### TASK BRIEF
Starting with the line that holds "这个表面上看去像是普通的自行" and stopping after the line that holds "老板娘手起勺落,面条稳稳当当", repeat the lines below word for word, without the pictures.

[RECORDS FOR THE TASK — start]

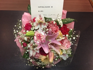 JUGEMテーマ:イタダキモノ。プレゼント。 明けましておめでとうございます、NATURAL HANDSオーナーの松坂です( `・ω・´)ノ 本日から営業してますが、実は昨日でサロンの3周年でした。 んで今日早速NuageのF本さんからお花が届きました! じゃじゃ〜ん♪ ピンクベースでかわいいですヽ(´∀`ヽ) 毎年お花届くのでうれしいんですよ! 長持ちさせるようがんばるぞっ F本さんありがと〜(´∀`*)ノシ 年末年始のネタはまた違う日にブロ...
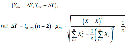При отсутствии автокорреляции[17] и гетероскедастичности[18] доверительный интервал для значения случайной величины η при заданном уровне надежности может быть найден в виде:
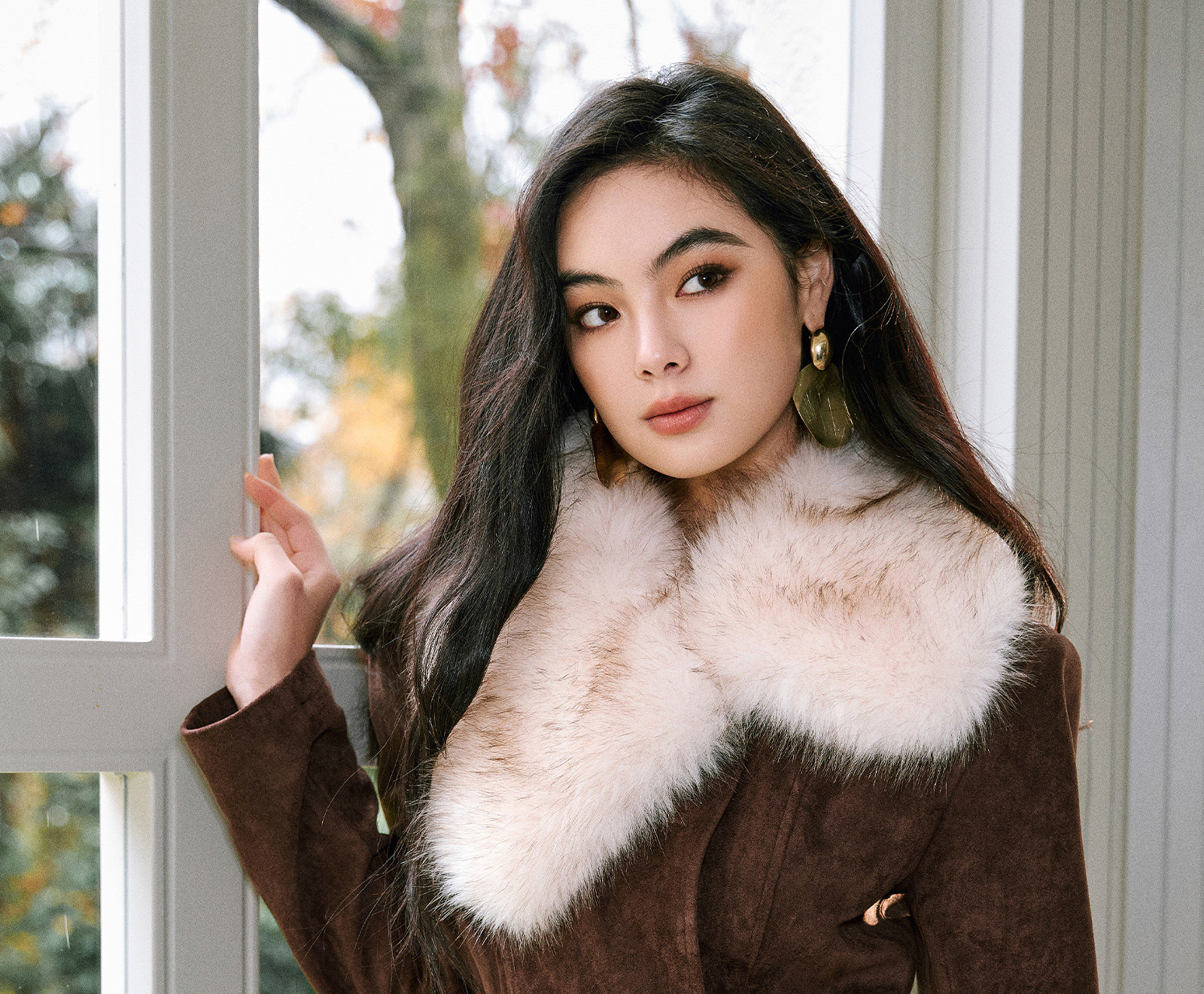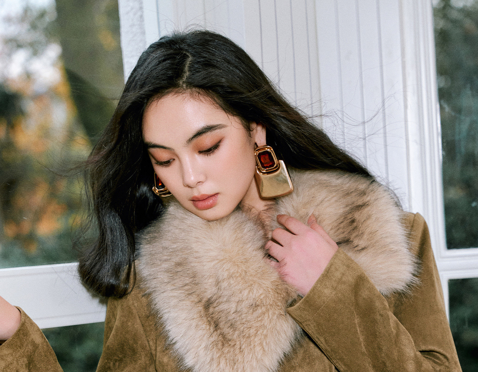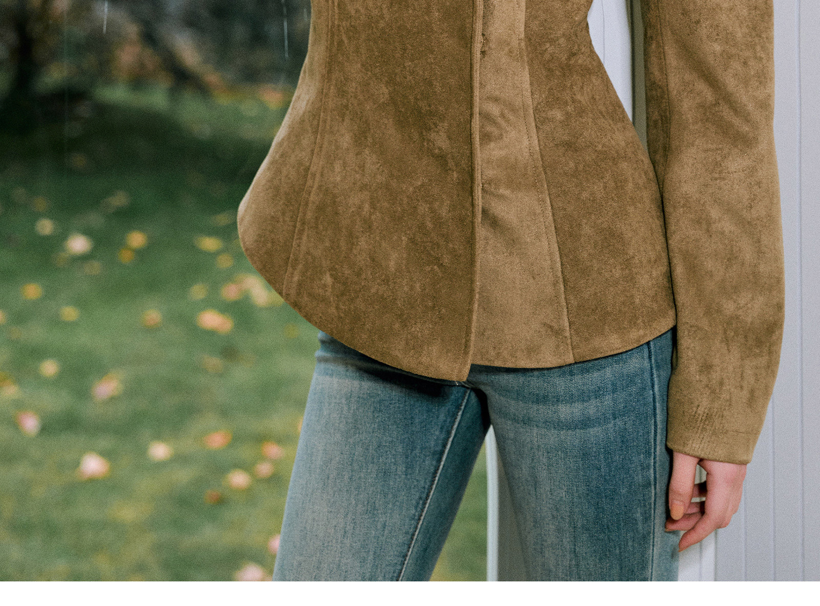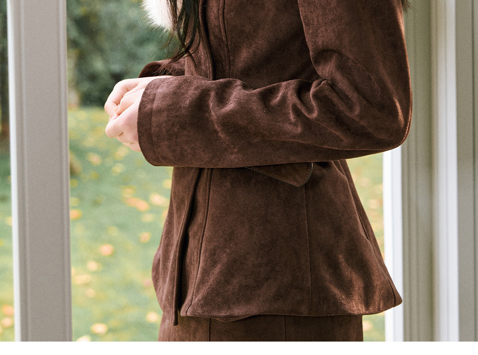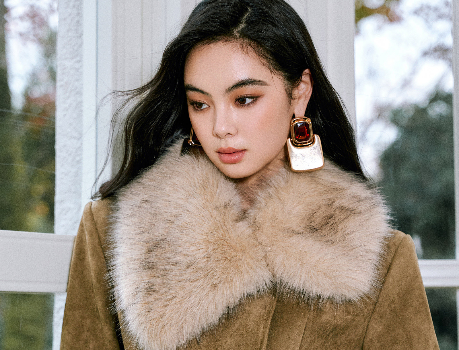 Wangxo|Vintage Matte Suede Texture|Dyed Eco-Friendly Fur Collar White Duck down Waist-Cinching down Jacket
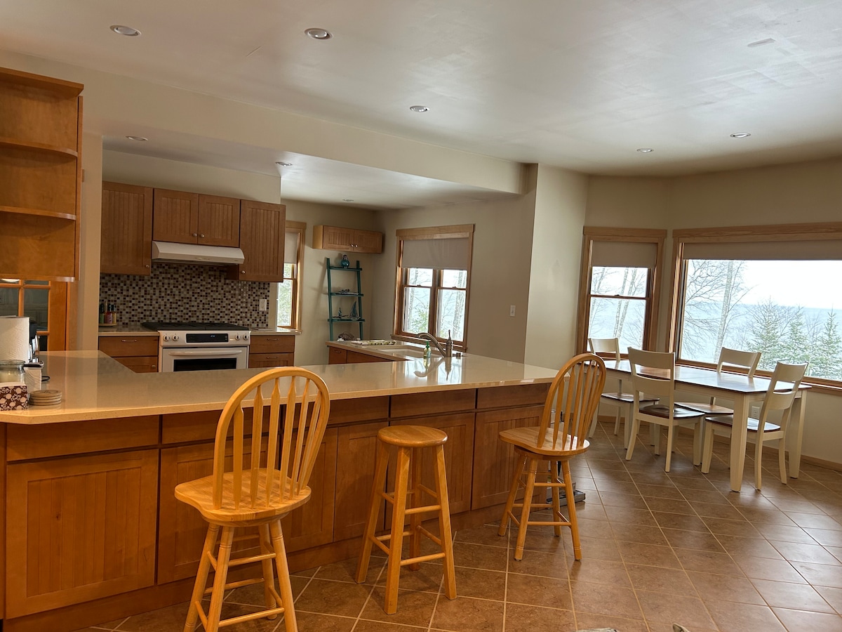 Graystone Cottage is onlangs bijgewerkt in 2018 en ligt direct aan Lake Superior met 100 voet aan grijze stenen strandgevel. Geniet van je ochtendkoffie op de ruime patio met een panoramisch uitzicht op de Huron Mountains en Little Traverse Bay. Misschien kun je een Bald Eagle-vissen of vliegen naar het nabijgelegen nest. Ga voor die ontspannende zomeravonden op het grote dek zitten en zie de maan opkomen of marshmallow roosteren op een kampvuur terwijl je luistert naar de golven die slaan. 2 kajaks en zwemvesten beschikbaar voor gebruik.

[RECORDS FOR THE TASK — finish]
[RECORDS FOR THE TASK — start]

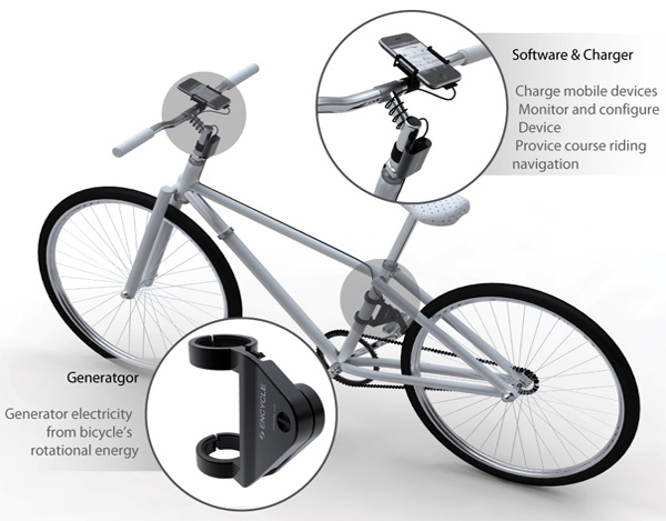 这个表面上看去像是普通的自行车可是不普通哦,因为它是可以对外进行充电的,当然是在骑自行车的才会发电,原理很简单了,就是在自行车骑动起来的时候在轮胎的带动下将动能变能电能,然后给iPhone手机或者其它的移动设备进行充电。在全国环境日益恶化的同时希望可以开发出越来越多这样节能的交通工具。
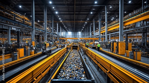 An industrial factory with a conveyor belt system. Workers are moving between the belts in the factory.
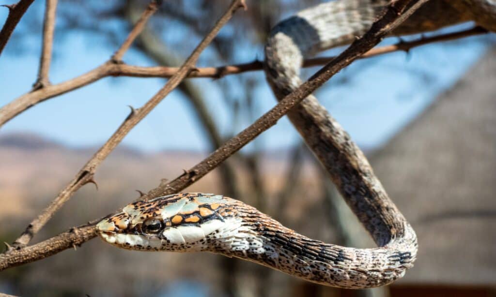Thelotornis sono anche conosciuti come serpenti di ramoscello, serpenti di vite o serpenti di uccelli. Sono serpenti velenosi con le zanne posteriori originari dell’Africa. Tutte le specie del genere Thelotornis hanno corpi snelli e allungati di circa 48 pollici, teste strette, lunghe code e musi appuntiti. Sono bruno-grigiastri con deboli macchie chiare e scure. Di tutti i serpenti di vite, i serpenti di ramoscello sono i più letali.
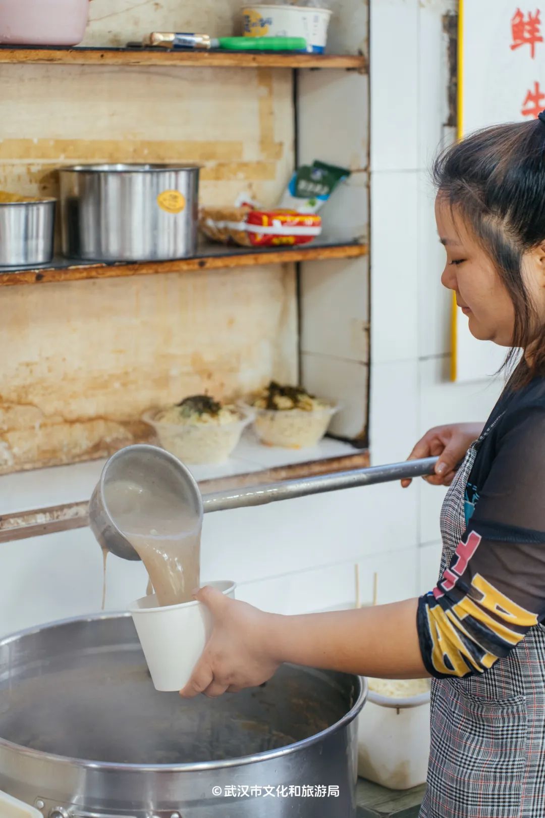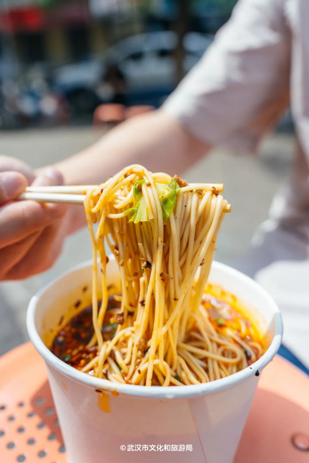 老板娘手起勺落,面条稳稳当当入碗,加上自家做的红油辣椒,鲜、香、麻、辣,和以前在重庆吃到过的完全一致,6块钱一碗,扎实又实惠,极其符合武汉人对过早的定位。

[RECORDS FOR THE TASK — finish]

### SOLUTION FOR THIS PROBLEM
 这个表面上看去像是普通的自行车可是不普通哦,因为它是可以对外进行充电的,当然是在骑自行车的才会发电,原理很简单了,就是在自行车骑动起来的时候在轮胎的带动下将动能变能电能,然后给iPhone手机或者其它的移动设备进行充电。在全国环境日益恶化的同时希望可以开发出越来越多这样节能的交通工具。
 An industrial factory with a conveyor belt system. Workers are moving between the belts in the factory.
Thelotornis sono anche conosciuti come serpenti di ramoscello, serpenti di vite o serpenti di uccelli. Sono serpenti velenosi con le zanne posteriori originari dell’Africa. Tutte le specie del genere Thelotornis hanno corpi snelli e allungati di circa 48 pollici, teste strette, lunghe code e musi appuntiti. Sono bruno-grigiastri con deboli macchie chiare e scure. Di tutti i serpenti di vite, i serpenti di ramoscello sono i più letali.
 老板娘手起勺落,面条稳稳当当入碗,加上自家做的红油辣椒,鲜、香、麻、辣,和以前在重庆吃到过的完全一致,6块钱一碗,扎实又实惠,极其符合武汉人对过早的定位。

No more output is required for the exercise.